• What to produce
Give the records back exactly as written, but without the images.

• Recorded information
------------------------------------------------

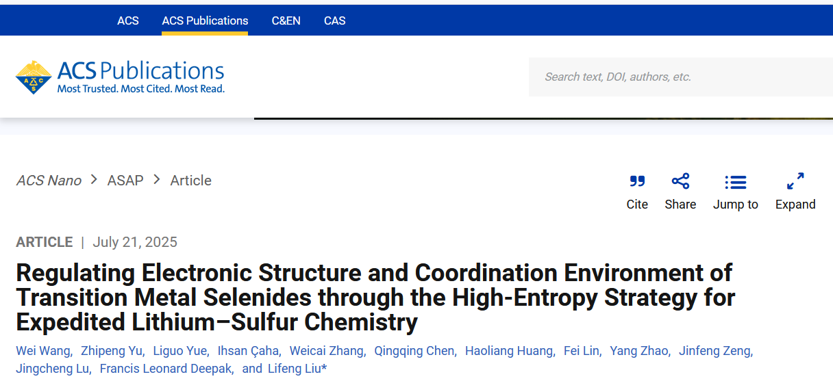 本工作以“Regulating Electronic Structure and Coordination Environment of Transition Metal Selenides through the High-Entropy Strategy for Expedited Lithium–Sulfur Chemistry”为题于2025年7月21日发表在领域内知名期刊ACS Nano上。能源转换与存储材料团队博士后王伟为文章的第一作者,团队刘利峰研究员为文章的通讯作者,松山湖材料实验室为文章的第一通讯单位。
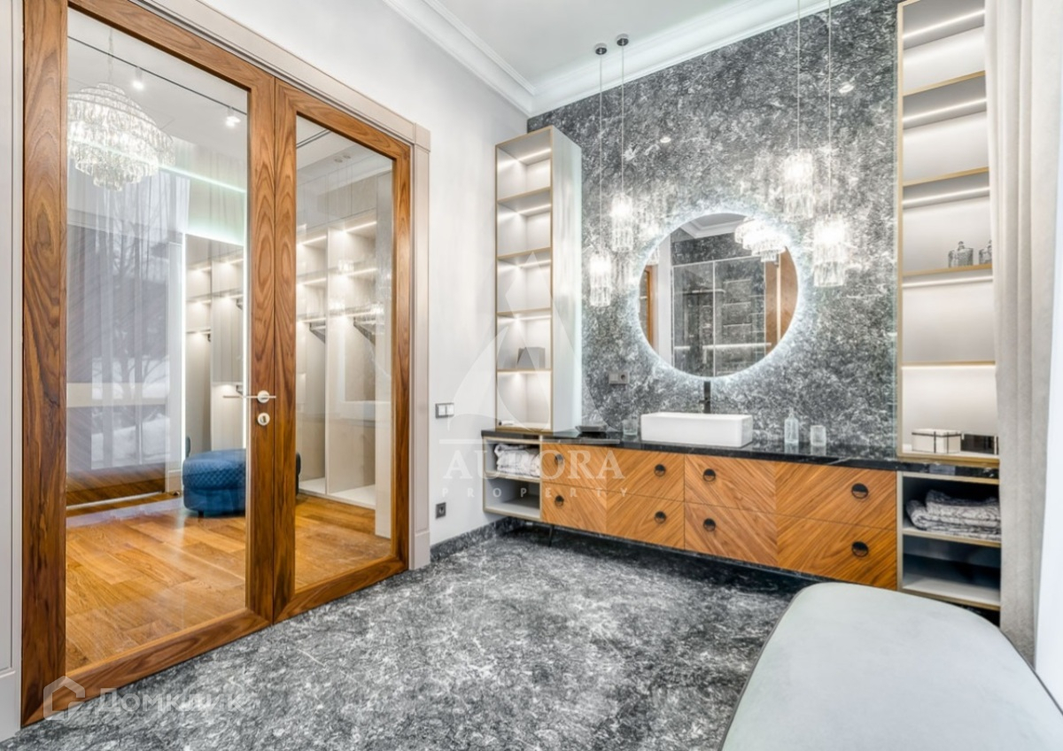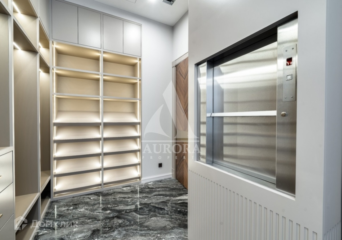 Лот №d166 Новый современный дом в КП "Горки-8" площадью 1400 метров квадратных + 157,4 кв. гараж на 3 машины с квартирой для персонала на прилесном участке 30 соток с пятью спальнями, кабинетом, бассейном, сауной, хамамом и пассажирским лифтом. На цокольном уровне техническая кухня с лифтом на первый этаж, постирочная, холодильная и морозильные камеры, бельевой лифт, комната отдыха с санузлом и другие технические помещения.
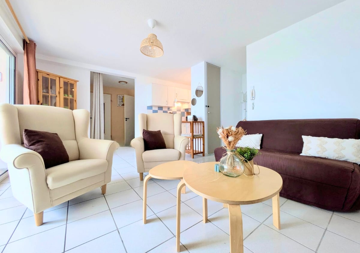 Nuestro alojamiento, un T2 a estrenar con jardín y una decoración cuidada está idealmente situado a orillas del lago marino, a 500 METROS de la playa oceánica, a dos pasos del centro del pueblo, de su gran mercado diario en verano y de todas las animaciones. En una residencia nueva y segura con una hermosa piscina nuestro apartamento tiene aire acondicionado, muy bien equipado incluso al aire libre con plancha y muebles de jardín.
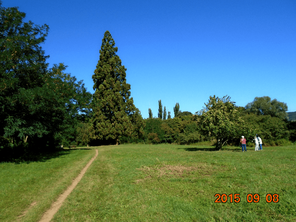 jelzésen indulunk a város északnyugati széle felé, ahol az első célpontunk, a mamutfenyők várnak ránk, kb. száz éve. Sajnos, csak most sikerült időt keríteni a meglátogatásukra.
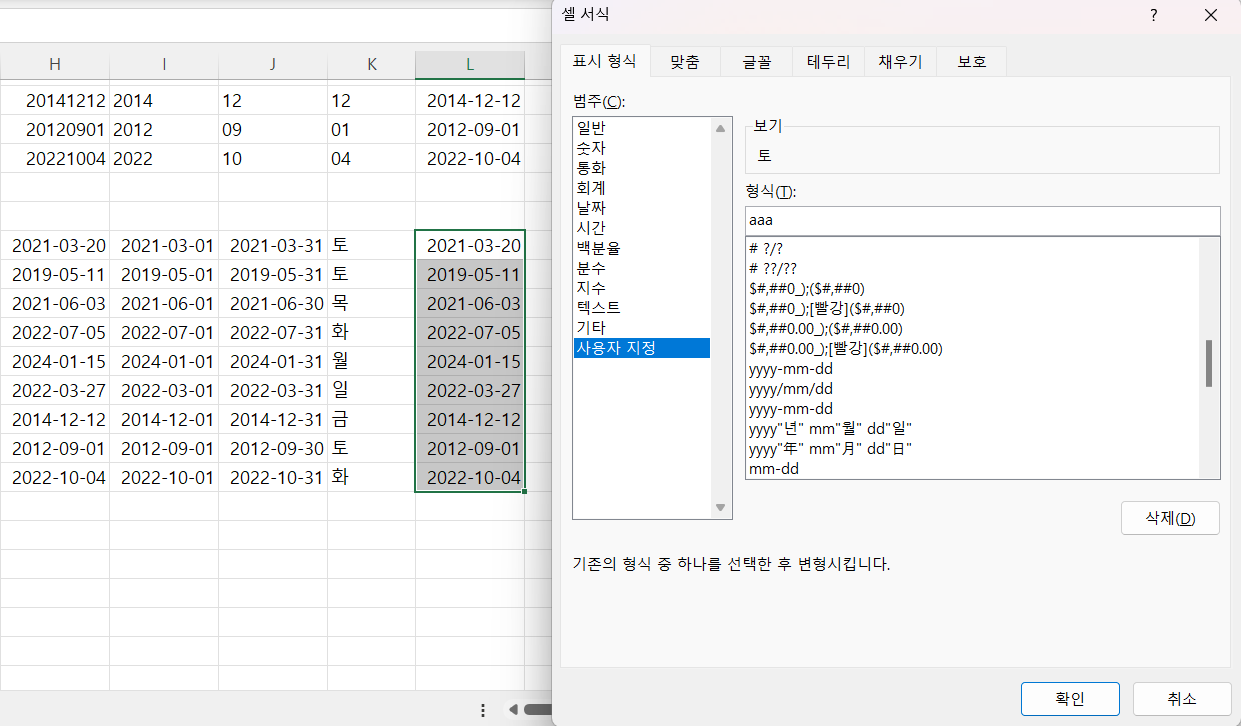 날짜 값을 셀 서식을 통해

------------------------------------------------

• Final answer
 本工作以“Regulating Electronic Structure and Coordination Environment of Transition Metal Selenides through the High-Entropy Strategy for Expedited Lithium–Sulfur Chemistry”为题于2025年7月21日发表在领域内知名期刊ACS Nano上。能源转换与存储材料团队博士后王伟为文章的第一作者,团队刘利峰研究员为文章的通讯作者,松山湖材料实验室为文章的第一通讯单位。
 Лот №d166 Новый современный дом в КП "Горки-8" площадью 1400 метров квадратных + 157,4 кв. гараж на 3 машины с квартирой для персонала на прилесном участке 30 соток с пятью спальнями, кабинетом, бассейном, сауной, хамамом и пассажирским лифтом. На цокольном уровне техническая кухня с лифтом на первый этаж, постирочная, холодильная и морозильные камеры, бельевой лифт, комната отдыха с санузлом и другие технические помещения.
 Nuestro alojamiento, un T2 a estrenar con jardín y una decoración cuidada está idealmente situado a orillas del lago marino, a 500 METROS de la playa oceánica, a dos pasos del centro del pueblo, de su gran mercado diario en verano y de todas las animaciones. En una residencia nueva y segura con una hermosa piscina nuestro apartamento tiene aire acondicionado, muy bien equipado incluso al aire libre con plancha y muebles de jardín.
 jelzésen indulunk a város északnyugati széle felé, ahol az első célpontunk, a mamutfenyők várnak ránk, kb. száz éve. Sajnos, csak most sikerült időt keríteni a meglátogatásukra.
 날짜 값을 셀 서식을 통해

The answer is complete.